Moreover105 examined the complex interconnections among green space, economic development, and circular economy hazards in 31 European nations for the period 2009–2020. They established that increased municipal waste generation is linked with increased GHG and NOx emissions, but restricting them using circular economy instruments can reduce waste and emissions. Mongo et al.106 examined the impact of these practices on EU-15 CO2 emissions over the period 2000–2015 and concluded that while there was efficiency in emissions reduction in the short term, circular economy practices in the long term can have counterintuitive consequences, highlighting the necessary balance of resource efficiency with sufficiency. Last but not least36, ascertained the contribution of circular economy practices in urban areas towards achieving cleaner air and air pollution resilience building in line with the UN Sustainable Development Goals. Zhu et al.107 showed that circular economy practice-based pilot states achieved a decrease of 2.92 percentage points in pollutant emissions, further validating the effectiveness of such interventions in air quality improvement.
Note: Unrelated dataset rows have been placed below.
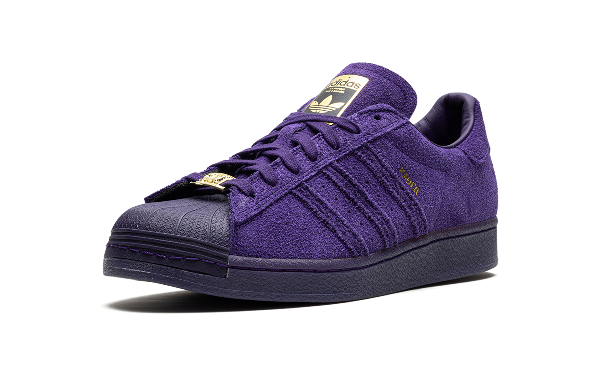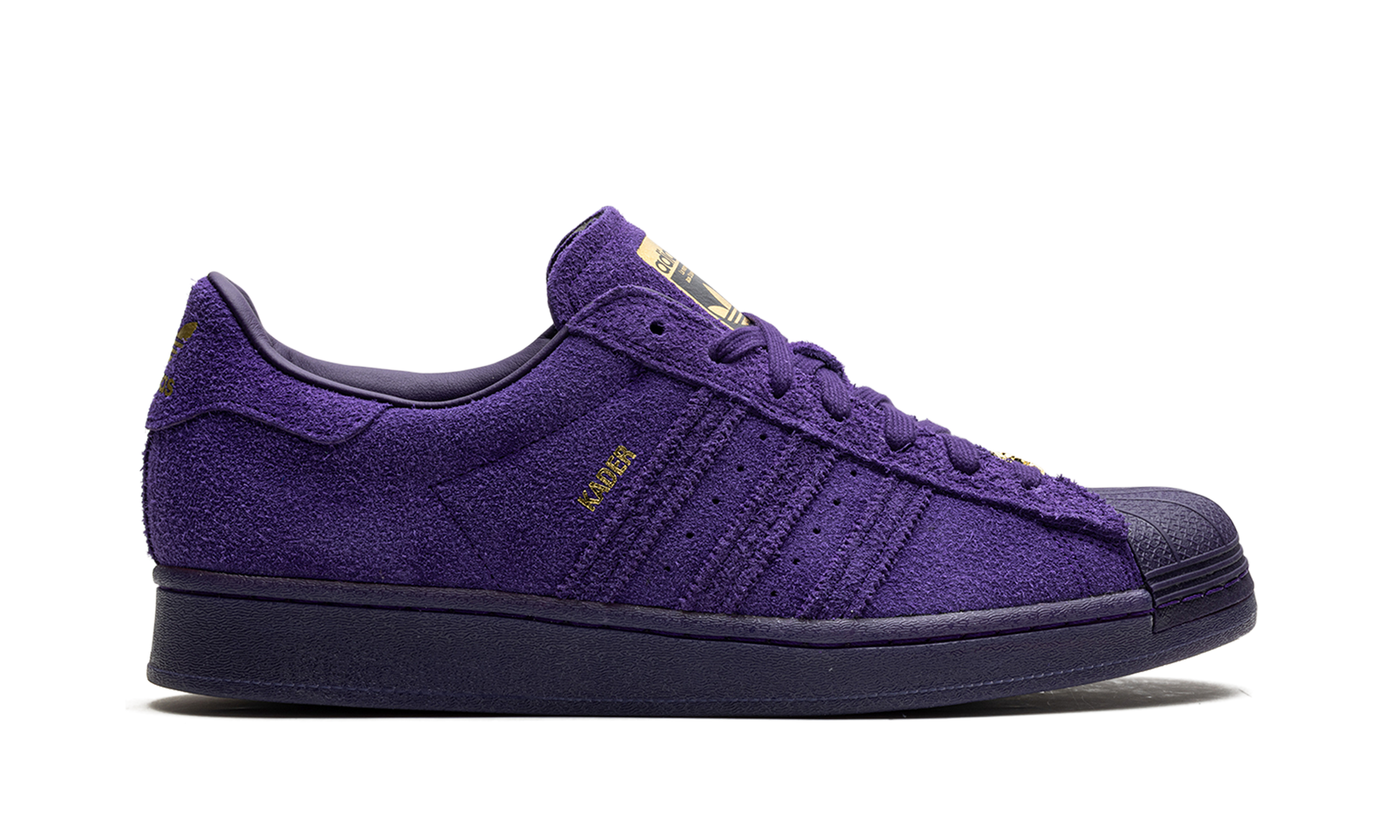 The Superstar ADV 'Kader - Sylla Dark Purple' shoe features a sleek dark purple colorway, offering a stylish and performance-ready take on the classic Superstar silhouette for skateboarding or everyday wear. Kader - Sylla Dark Purple
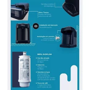 Filtro Purificador evolution de água natural possui nanotecnologia contra bactérias e certificação inmetro - O purificador evolution é perfeito para quem quer praticidade- Não utiliza energia elétrica- Refil girou trocou- Fácil instalação- Purificador de água naturalConta com nanotecnologia que evita proliferação de bactérias em contato com paredes do filtro, dolomita para regular o ph da água e carvão ativado que reduz o cloro. Elimina odores e gosto ruim da águaCaracterísticas técnicas da filtragem de água do refil evoflow:Vida útil: 3000 litros ou 6 mesesPressão máxima: 70 mca 700kpa Pressão mínima: 2,5 mca 25 kpa Vazão: 60 litros/horaEnsaios de desempenhoEficiência da retenção de partículas: classe cEficiência da redução de cloro livre: aprovadoEficiência bacteriológica: não se aplicaEnsaios realizados de acordo com a nbr 16098:2012Conta com vários benefícios para a sua famíliaPush bottom.Alta vazão.Gabinete em plástico de alta resistênciaMedidas do purificador: 28,3 cm de altura e 20 cm de largura, e 20 cm de profundidadeEconomia: purifica até 3.000 litros de água com um único filtro ou até 6 meses de uso para troca do refilPeso do purificador: 1,2 kg- ítens inclusos:- 1 purificador evolution- 1 refil evoflow já instalado - 1 mangueira para alimentação da rede de água- kit para instalação em parede parafusos / bucha e suporte plástico - Manual do usuário
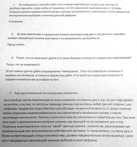 В приведенном выше документе, в частности, говорится о том, что решение о приглашении на Украину миротворческого контингента ООН противоречит мирным договоренностям. "Именно такими циркулярами этот гражданин РФ нарушает законы и нашего государства, и, кстати, законы своей собственной страны", - прокомментировал Наливайченко.
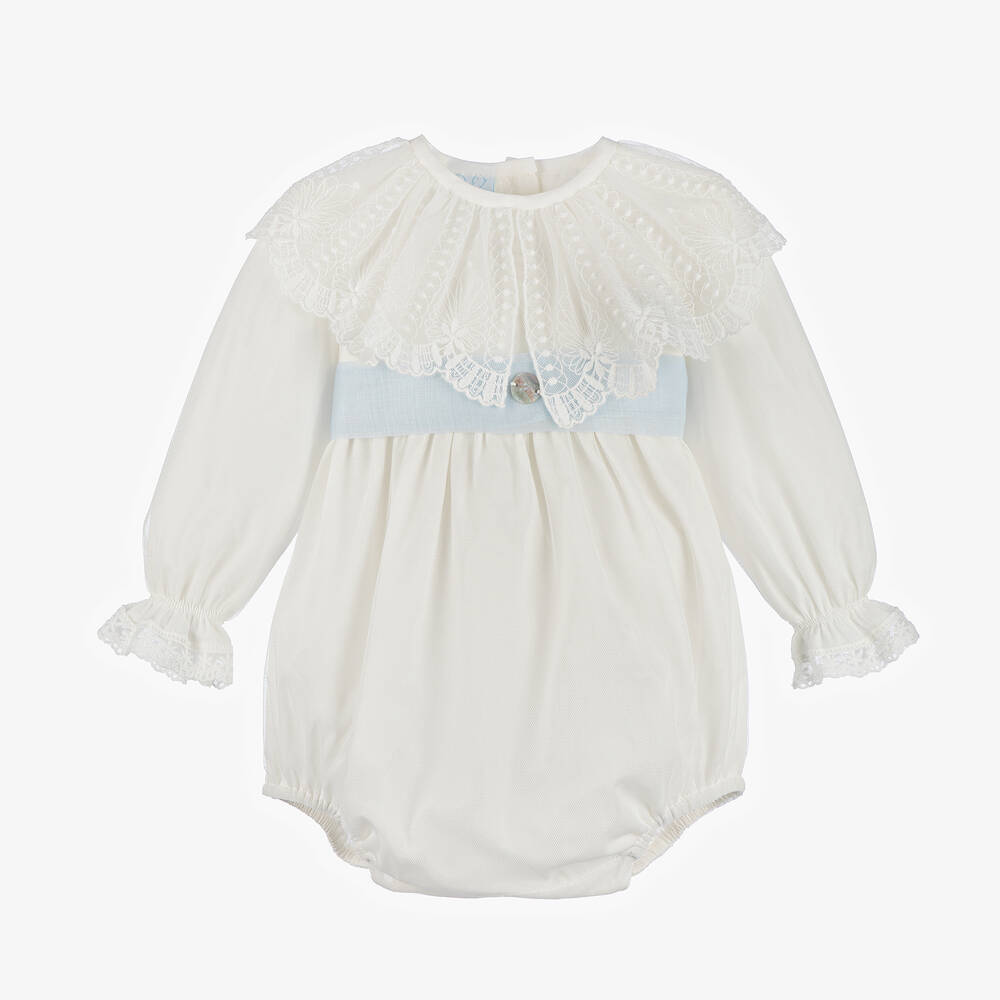 A lovely ivory shortie for baby girls by Artesanía Granlei. Made from lightweight tulle with a smooth woven lining. It has a delightful embroidered tulle collar with matching trims on the elasticated cuffs of the long sleeves. Ideal for special occasions, it has a pale blue fixed sash belt that is stitched with a faux mother-of-pearl logo charm on the front and secures into a charming bow on the back. It has button fastenings on the back and between the legs for a neat finish.

Conclusions and policy recommendations

This study offers substantial empirical evidence regarding the impact of circular economy practices on reducing urban air pollution across 50 U.S. states from 2009 to 2022. The results indicate that improved recycling initiatives markedly decrease PM₂.₅ concentrations, and a bidirectional causality is present between air pollution and the adoption of a circular economy. A 10-percentage-point rise in recycling rates correlates with an estimated 0.08 µg/m3 decrease in PM2.5 concentrations—an effect having significant ramifications for public health and environmental policy. The findings substantiate the circular economy’s feasibility as a strategic policy tool for enhancing air quality in urban environments. In addition to recycling, fundamental circular principles such as resource efficiency, the adoption of renewable energy, and waste reduction provide systemic avenues for achieving environmental sustainability. The EKC indicates that economic growth may initially raise pollution levels, but ultimately results in environmental enhancements as income and regulatory ability improve. The correlation between population density and pollution highlights the necessity for urban strategies that focus on spatial planning and emission-heavy activities.
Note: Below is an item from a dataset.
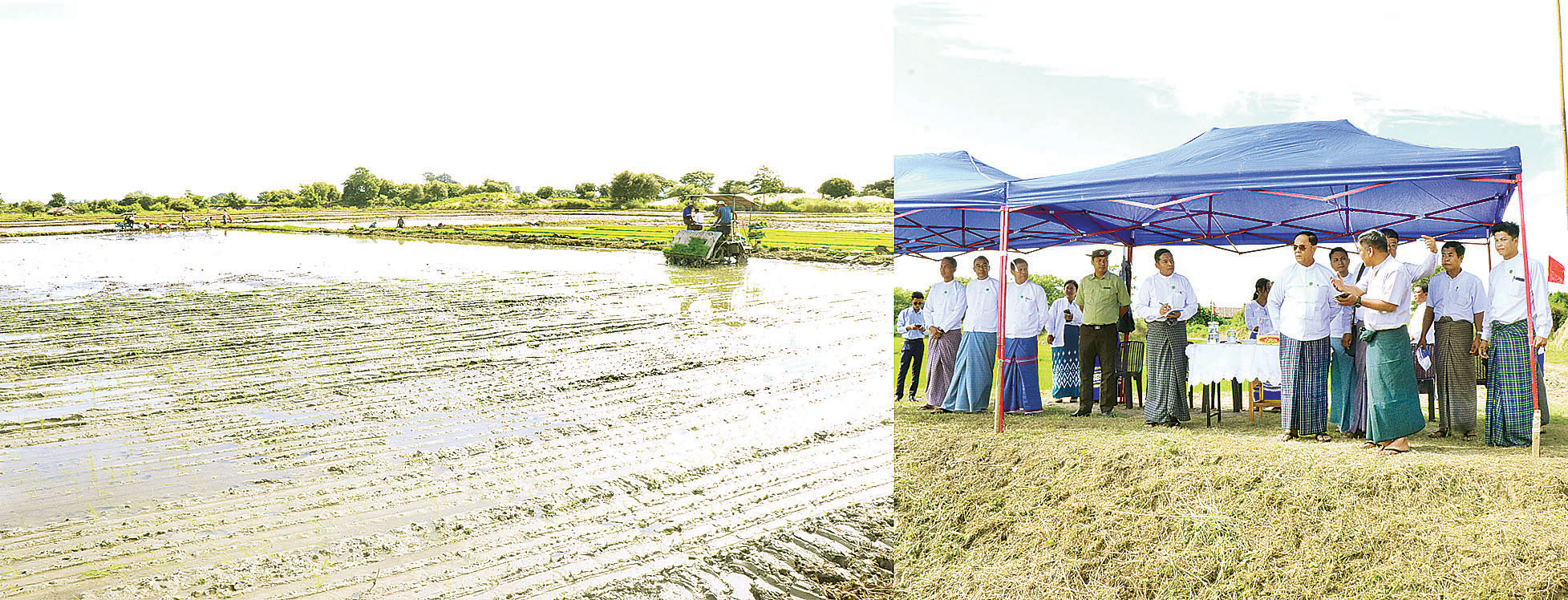 လူစီးကောက်စိုက်စက်ဖြင့် မိုးစပါးစိုက်ပျိုးသရုပ်ပြပွဲကို ယနေ့နံနက်ပိုင်းတွင် နေပြည်တော်ကောင်စီနယ်မြေ လယ်ဝေးမြို့နယ် ရုံးတောကျေးရွာရှိ ရွှေဝါထွန်း(၂) စိုက်ပျိုးထုတ်လုပ်ရေးသမဝါယမအသင်းလီမိတက်၏ အသင်းပိုင်လယ်မြေဧက ၂၀ ၌ကျင်းပရာ သမဝါယမနှင့်ကျေးလက်ဖွံ့ဖြိုးရေးဝန်ကြီးဌာန ပြည်ထောင်စုဝန်ကြီး ဦးလှမိုး၊ အမြဲတမ်းအတွင်းဝန်၊ ဌာနဆိုင်ရာများ၊ မြန်မာနိုင်ငံမြေဩဇာ၊ မျိုးစေ့နှင့် စိုက်ပျိုးရေးဆေးလုပ်ငန်းရှင်များအသင်းနှင့် မြန်မာနိုင်ငံဆန်စပါးအသင်းချုပ်တို့မှ ကိုယ်စားလှယ်များ၊ မြန်မာနိုင်ငံတော်ဗဟိုဘဏ်၊ မြန်မာ့စီးပွားရေးဘဏ်နှင့် ဦးစီးဌာနများမှ ဦးဆောင်ကော်မတီအဖွဲ့ဝင်များနှင့် တာဝန်ရှိသူများ တက်ရောက်ကြသည်။
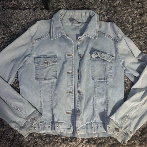 Uudenveroinen, turkoosi (väri on luonnossa hieman tummempi) farkkutakki, DressIn, koko 38/40. Takin pituus 62 cm, hihan pituus 61 cm ja takin leveys kainalon alta 51 cm. Materiaali joustavaa puuvilla/elastaani. Takissa on taskut.

Policy implications encompass the adoption of Extended Producer Responsibility (EPR) frameworks to internalize environmental costs across the product lifecycle and encourage eco-design. Incorporating circular economy ideas at the design and manufacturing stages—where the majority of environmental consequences are established—can significantly diminish upstream emissions. Fiscal mechanisms, like tax incentives for sustainable technologies and investments in recycling infrastructure, can expedite this transformation. Ultimately, integrating circularity into urban planning—via compact city design, green infrastructure, and low-emission transportation systems—will facilitate enduring enhancements in air quality. This research importantly recognizes potential issues of endogeneity and reverse causality. Granger causality tests indicate mutual feedback between recycling and air quality, whereas sensitivity studies employing alternative pollutants (PM₁₀, NOₓ, and CO₂) validate the robustness of the findings. The incorporation of controls for regulatory rigor and industry composition enhances the inference. Policymakers require a balanced array of interventions: short-term benefits from enhancing recycling rates must be paired with long-term measures aimed at systemic transformation. Collaborative governance, public participation, and dependable environmental monitoring systems are essential for effective execution. Investing in circular supply chains and urban sustainability projects can facilitate cities’ transition to cleaner, more resilient futures. Future research should investigate the varied effects of circular economy policies in many metropolitan settings and examine how socio-economic and institutional factors influence their efficacy. Comparative evaluations among jurisdictions with differing levels of circular economy adoption might provide useful insights into scalable and context-specific methods for mitigating urban air pollution.